### TASK ITEM
The part to set down runs from the first line of the data below through the line with "anfibi marca Crispi", inclusive; write it exactly and leave out the pictures.

### RECORDED DATA
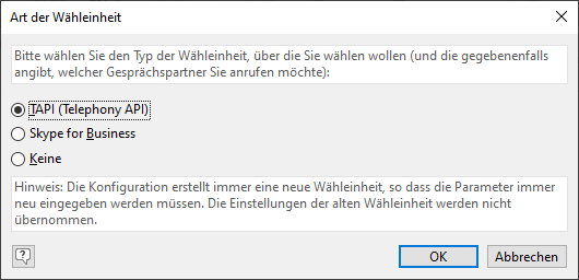 Wählen Sie zuerst die Wähleinheit aus. Die am weitesten verbreitete Wählschnittstelle ist TAPI. Die entsprechenden Treiber sind im Lieferumfang der meisten Telefonanlagen, beziehungsweise der Endgeräte enthalten. Ansonsten sollten Sie sich beim Hersteller nach einem TAPI-Treiber erkundigen.
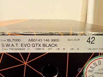 anfibi marca Crispi modello swat evo GTX black misura 42 ma adatta anche a piede 43 , modello in pelle e in goretex in uso alle forze dell'ordine con tutte le caratteristiche operative e tecniche del caso .
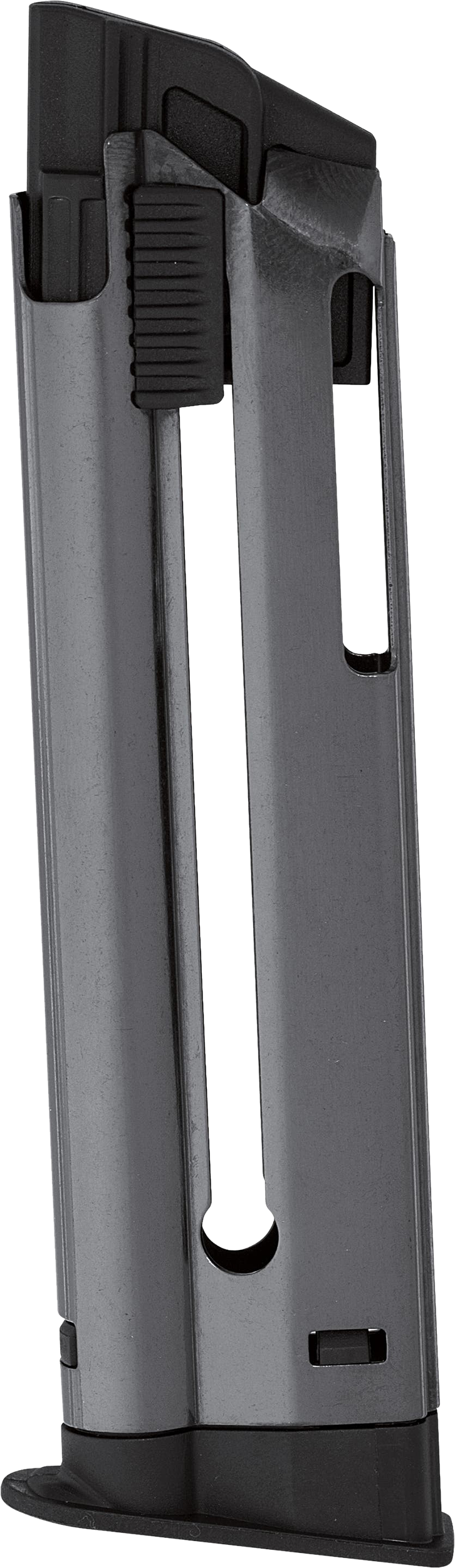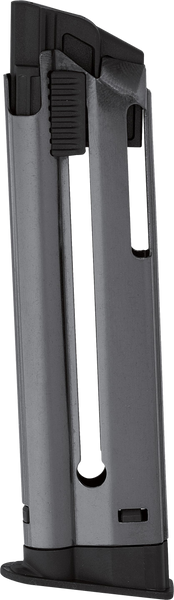 This magazine is a detachable box style with a heat treated steel body.It has a steel coil spring for maximum feeding reliability with all types of factory ammunition including modern defensive hollow points.

### ANSWER
 Wählen Sie zuerst die Wähleinheit aus. Die am weitesten verbreitete Wählschnittstelle ist TAPI. Die entsprechenden Treiber sind im Lieferumfang der meisten Telefonanlagen, beziehungsweise der Endgeräte enthalten. Ansonsten sollten Sie sich beim Hersteller nach einem TAPI-Treiber erkundigen.
 anfibi marca Crispi modello swat evo GTX black misura 42 ma adatta anche a piede 43 , modello in pelle e in goretex in uso alle forze dell'ordine con tutte le caratteristiche operative e tecniche del caso .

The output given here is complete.